Tratando-se de uma obra de pormenores, adorei pequenas coisas, pequenos elementos, que, pessoalmente, fizeram toda a diferença num género sobrelotado de conformidades, e que, ao longo da história, foram deixando pequenas pistas para mistérios mais tarde desvendados. Objectos como o anel dos Wayland que Jace mantém perto do coração, as stele que permitem as mais espectaculares maravilhas, a witchlight que oferece uma protecção luminosa no escuro ou as pequenas armas mortíferas cujos significados aparentam uma beleza superior à sua antecedente, mas também outros detalhes ostentam entusiasmo e curiosidade, como o significado e poder das runas e o modo como estas não só foram exploradas pela autora mas, e principalmente, pela forma como podem ser utilizadas em objectos ou no corpo dos próprios shadowhunters, ou até mesmo Idris e as suas glass towers com vista para a cidade de Alicante, da qual quase nada conhecemos—ainda.

Penso que está a descoberto o quanto gostei deste primeiro livro e do quanto o mundo dos shadowhunters inevitavelmente me fascina. Imensos foram os momentos que me fizeram virar página, atrás de página, atrás de página, em busca de algum do sossego e de alguma da calma que me possibilitaria pausar a leitura—mas tal não sucedeu muitas vezes, confesso—além de que o próprio world building da narrativa é suficiente para deixar qualquer leitor estupefacto.
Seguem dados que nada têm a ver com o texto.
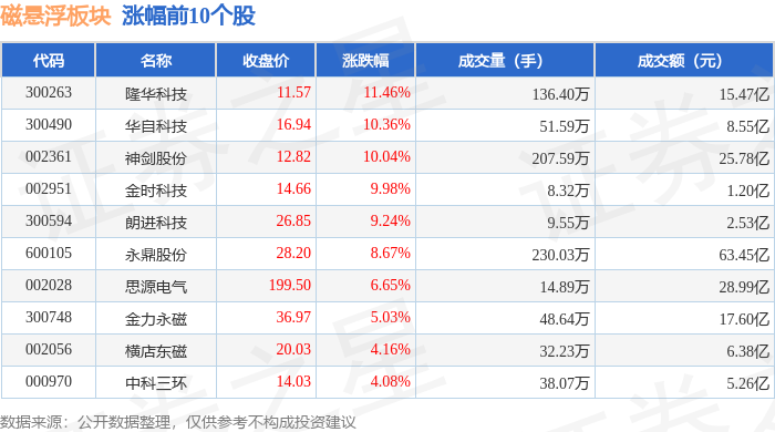 证券之星消息,2月3日磁悬浮板块较上一交易日上涨3.2%,隆华科技领涨。当日上证指数报收于4067.74,上涨1.29%。深证成指报收于14127.1,上涨2.19%。磁悬浮板块个股涨跌见下表:
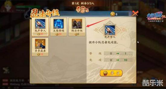 技能有四种,先声夺人可以提升先攻,主角修炼可以提升主角星级,阵法升级可以提升上阵人数上限,多多益善则用来提升每一局对战积分奖励。在召集忍者之余,适时的去提升技能也是获胜的关键!

Contudo, admito que estava à espera de um final mais emocionante. O momento de grande clímax deste volume em particular poderia, a meu ver, ter sido desenvolvido com um pouco mais de frenesim, de energia electrizante, e embora não me tenha decepcionado completamente, não foi, de todo, o que estava à espera tendo em conta o restante da história. Como nota positiva, referente à etapa conclusiva de A Cidade dos Ossos, fica a anotação para um desfecho que, mesmo impulsionando o leitor a prosseguir viagem com A Cidade das Cinzas, ainda assim não deixa um cliffhanger de proporções épicas, ou seja, um momento de suspense entre livros, por demais.

Esta é uma aposta da Planeta Editora, numa autora que continuarei a seguir com afinco e sob a qual me espero debruçar novamente, em breve. Perfeito para leitores de trilogias/sagas como Anjo Caído ou Predestinados, numa vertente fantástico verdadeiramente impressionante. Recomendo.